12 December 2006
Indexing moving content
Fact is, the world has a way of throwing curve balls on a regular basis. For me, those curve balls include a family-wide influenza epidemic, teething babies, travel plans, and the like. Trying to keep a grip on life is like trying to catch fish with your hands.
Tonight I give a presentation about trying to index moving targets. I was surprised to discover that of all the presentations I've ever given, this was absolutely the hardest to write. In fact, I just finished a few minutes ago. I've taught three-day classes, with eight hours of material on each day, but this 45-minute presentation really stymied me. There are two reasons for this.

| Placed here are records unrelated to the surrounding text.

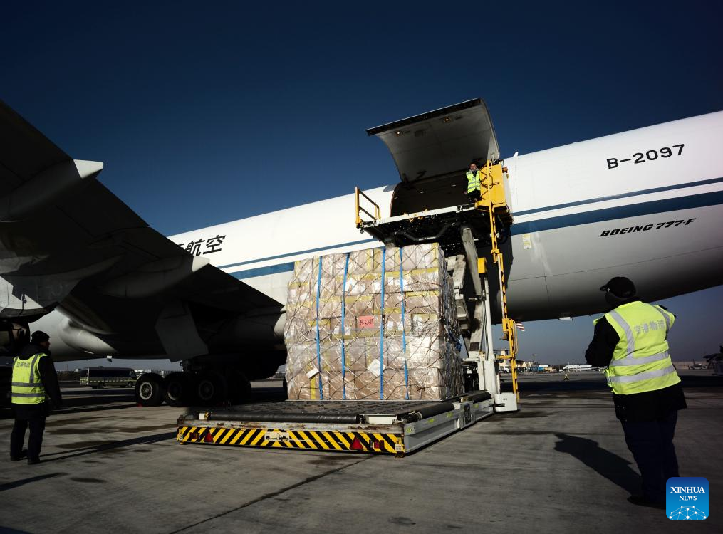 Staff members load cargo onto an aircraft at the Taoxian international airport in Shenyang, northeast China's Liaoning Province, Nov. 13, 2023. An e-commerce air cargo route linking Shenyang, capital of northeast China's Liaoning Province, and Chicago of the United States was opened Monday. (Xinhua/Li Gang)
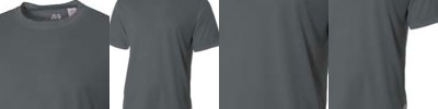 4 oz., 100% polyester; Moisture-wicking; Pill-resistant; Relaxed fit; Tear-away label;
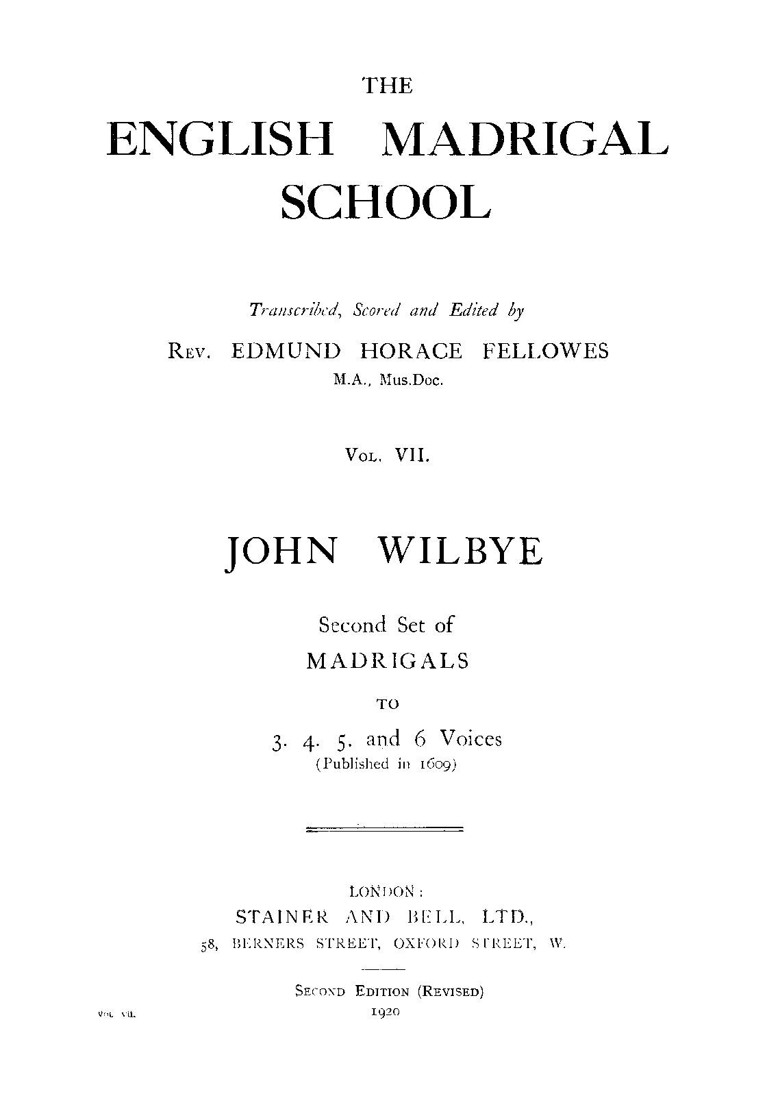 - 5.7 Volume 7 (1914): John Wilbye: Second set of madrigals to 3. 4. 5. and 6 voices (published in 1609)
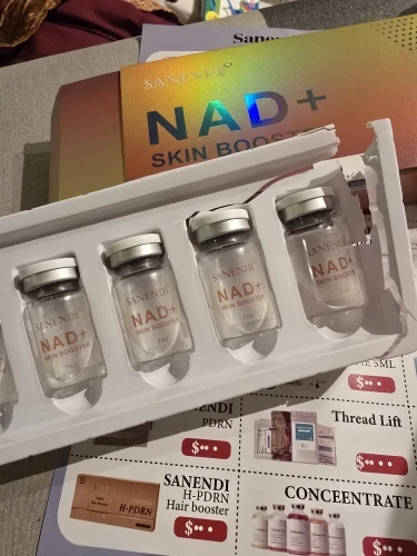 NAD+ ampoules are an advanced skincare solution, designed to enhance the revitalization and overall quality of the skin. Formulated to improve cellular function, they contribute to skin repair, radiance, and renewal.
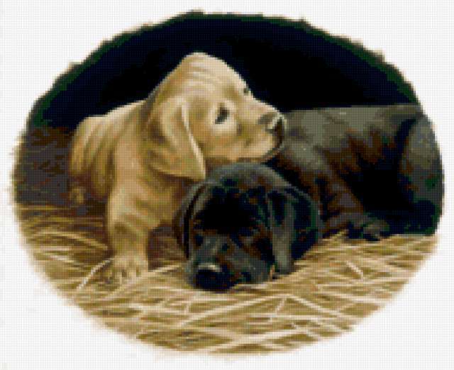 Ориентировочно так, схема вышивки «Щенки», созданная автором lv-sunflower, будет выглядеть при отшиве на канве. Размер данной вышивки равен 190x155 крестов, при этом используется 48 цветов. Ключевые слова, по которым можно найти эту схему: щенок, собака. Также, вы можете взглянуть на оригинальную картинку, соответствующую данной схеме вышивки.
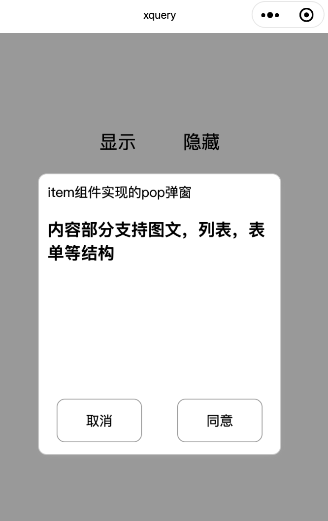 xquery是小程序的工具库,不是ui框架,因为缺少美感,所以xquery的demo基本上都不好看,图片都是我乱找的,xquery的目的是希望设计一套通用型模板远离模板地狱,并能像jq一样有一套灵活的组件交互机制
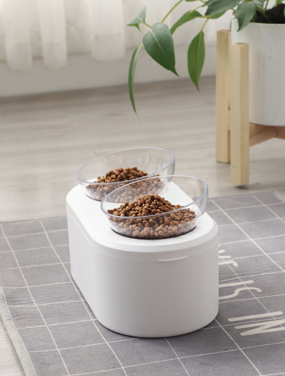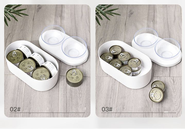 Материал: пищевой пластик. Противоскользящая подошва. Угол наклона миски - 15 градусов, чтобы у питомца всегда была идеальная осанка. Съемные чаши легко моются. Высота миски снимает нагрузку для шейного отдела. Миска 3 в 1: бокс для хранения, корм и вода для питомца. Объем каждой чаши - 420 мл.
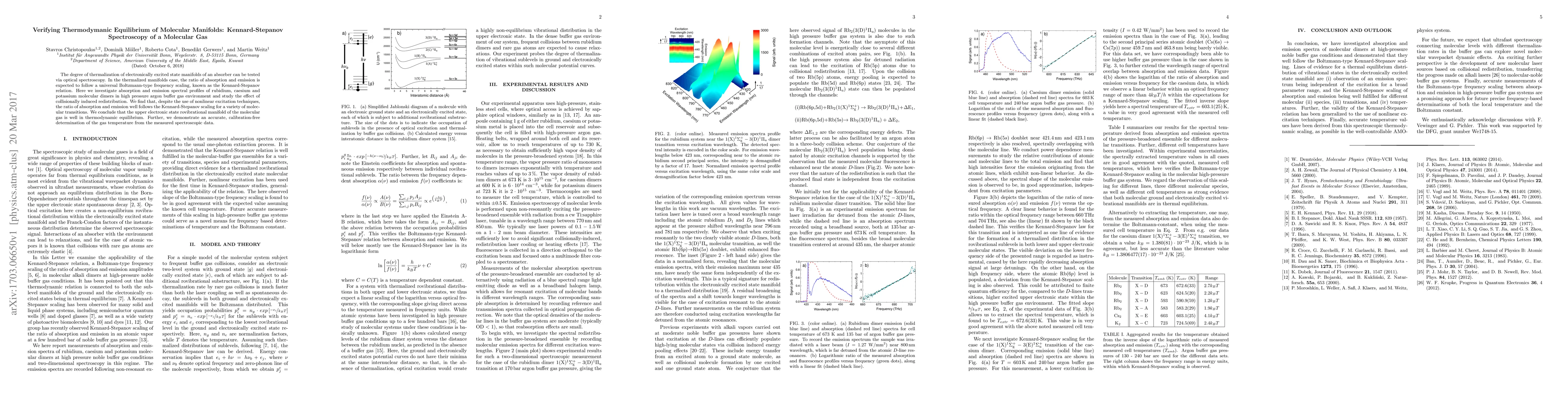 This paper investigates the thermodynamic equilibrium of electronically excited molecular manifolds using Kennard-Stepanov spectroscopy on rubidium, cesium, and potassium dimers. The study confirms that the absorption-to-emission ratio follows the Kennard-Stepanov relation, indicating thermodynamic equilibrium in the upper electronic state rovibrational manifold.
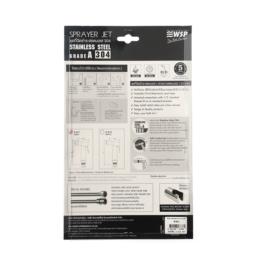 WSP สายฉีดชำระ แกนทองเหลือง รุ่น R-811 สแตนเลส |ZWF|
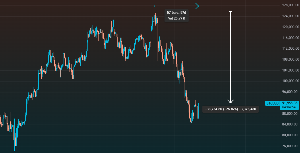 Alright, so where are we? We’re exactly 57 days past the end of the calendar bull market and around -26% from the ATH, which was once again hit precisely on its final day. Looking at this, you could say the bear market has already begun — and that’s also my view.
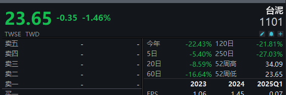 受此影响,在中国台湾股市开盘后,台泥集团股价大幅跳水,盘中一度大跌超3%,一度跌破23元/股(新台币,下同),盘中最低股价创出2009年第二季度以来的新低,截至发稿,跌幅有所回落。
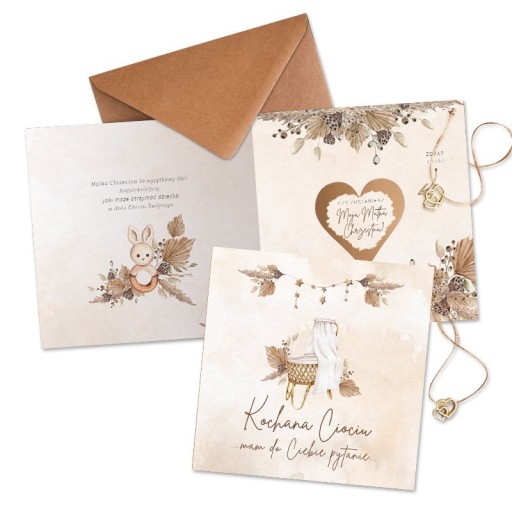 Piękna prośba zdrapka na Chrzest Święty dla przyszłej Matki Chrzestnej! Wspaniała propozycja na poproszenie cioci o zostanie Matką Chrzestną maluszka. Prośba jest ozdobiona boho wzorem kołyski dla dziecka oraz zdrapką. Całość wygląda niesamowicie i jest oryginalnym pomysłem zaproszenia na Chrzciny.
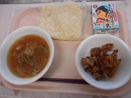 しょうゆラーメン とりのからあげ 牛乳・・・今日は、子どもたちの大好物メニューでした。しょうゆラーメンととりのからあげです。冬真っ盛りですが、パワーがつく献立がうれしいですね。
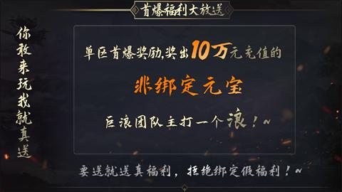 5、豪礼送送送,首爆奖励10W充值(非绑定)元宝。
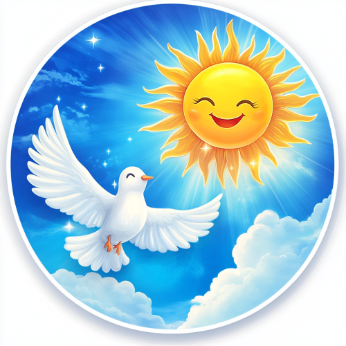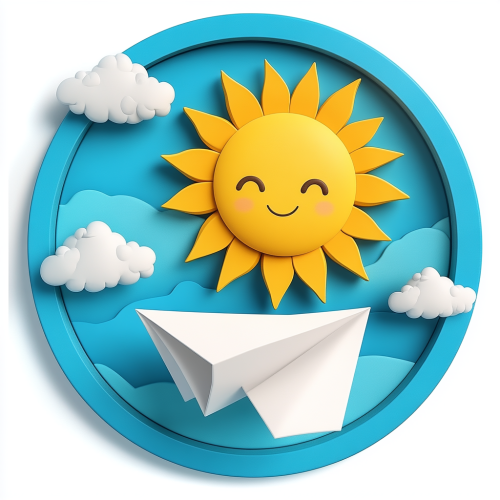 Design a 3D circular logo in a cartoon hand-painted style. The sun is in the upper right corner, yellow, with a smiley face. The paper airplane is white and flies towards the sun in the lower left corner with the wind. The background is blue sky and white clouds.
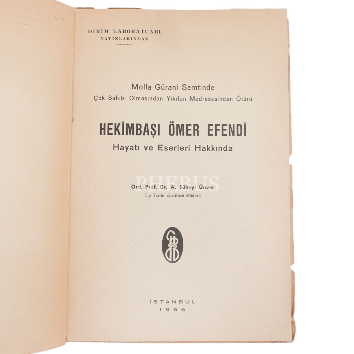 HEKİMBAŞI ÖMER EFENDİ, Süheyl Ünver, 1955, 23 sayfa, 25x17 cm...
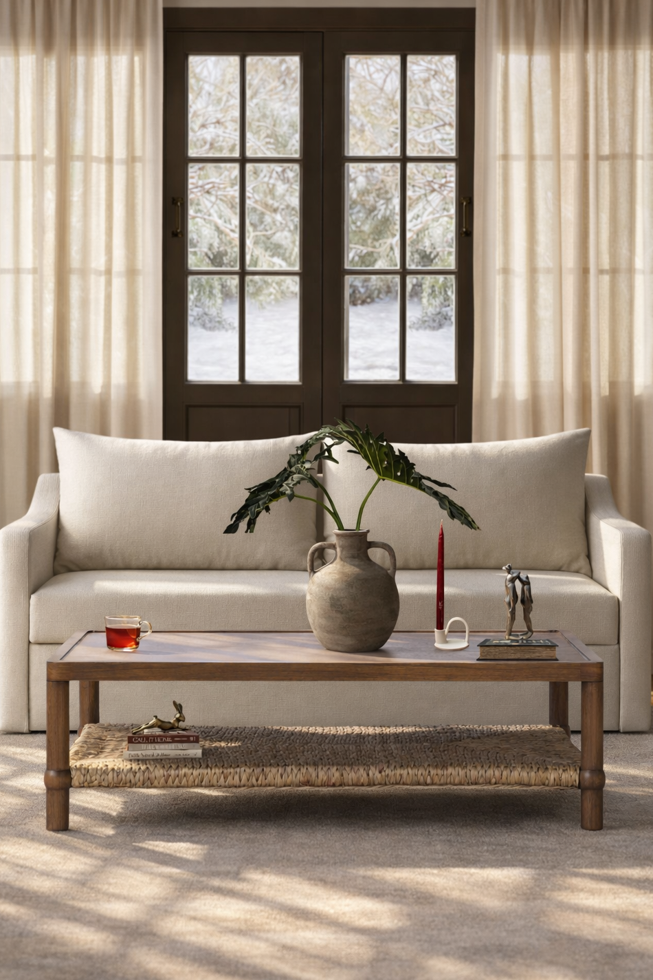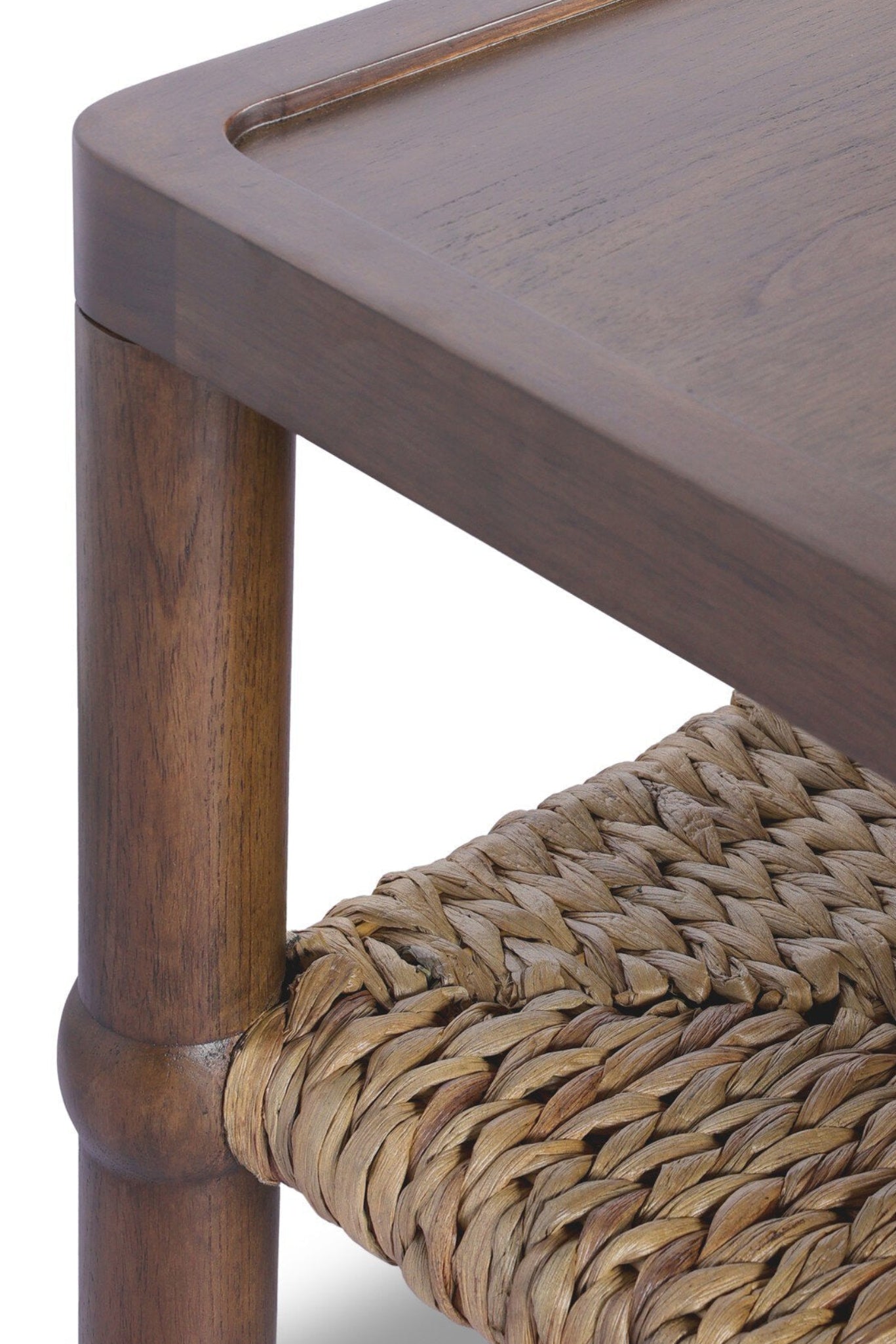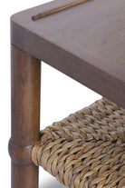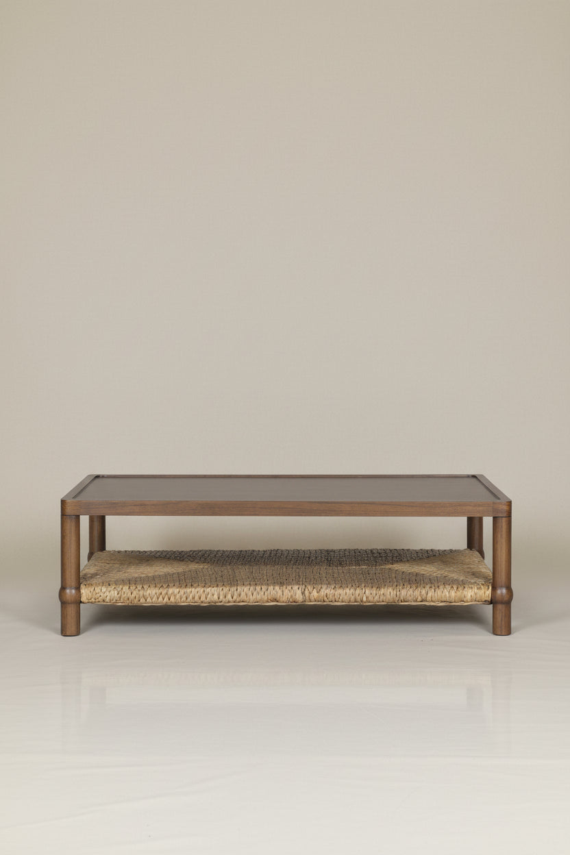 Mesa Ana donde la tradición se encuentra con el diseño contemporáneo. Esta mesa combina elegancia natural con funcionalidad práctica, presentando un estante tejido en jacinto de agua que envuelve delicadamente el marco de madera.

First, trying to index moving content is, no matter what, a mess. The simplest example of a problem is creating an index entry like "software development, 111-121," and then finding out that pages 111 and 121 have moved respectively to pages 113 and 123. With standalone indexing (where you type in the page numbers), the only real way to fix this is manually: go back and rewrite all your page numbers. It's a MESS. So here I am, hoping to provide some tips to indexers and technical writers, something to help them avoid these kinds of corrections -- only to realize that there's no good answer. (A bad answer is to not index at all. :-)
The second problem is that even if I did have a list of useful tools, they don't make for interesting presentation materials. The first draft of my presentation would have resembled a public reading of the weather report for ever American city, in alphabetical order: if you're lucky, you're interested in Albuquerque and Atlanta and can walk out early.
The fact is, our growing reliable on live and custom information is wreaking havoc on the indexing world. It's becoming harder and harder to collate information in relevant chunks. Search will never do it; even if there were human beings out there developing controlled vocabularies, full-text search still retrieves a tremendous amount of flotsam. But creating keywords for something that won't live an hour seems kind of pointless, too. We're all just pounding sand.
I'm looking forward to what the participants have to say. Must we accept the false imprisonment of uncatalogued real-time information flow, or will writers finally catch on that indexers have an important role on the creation side as well?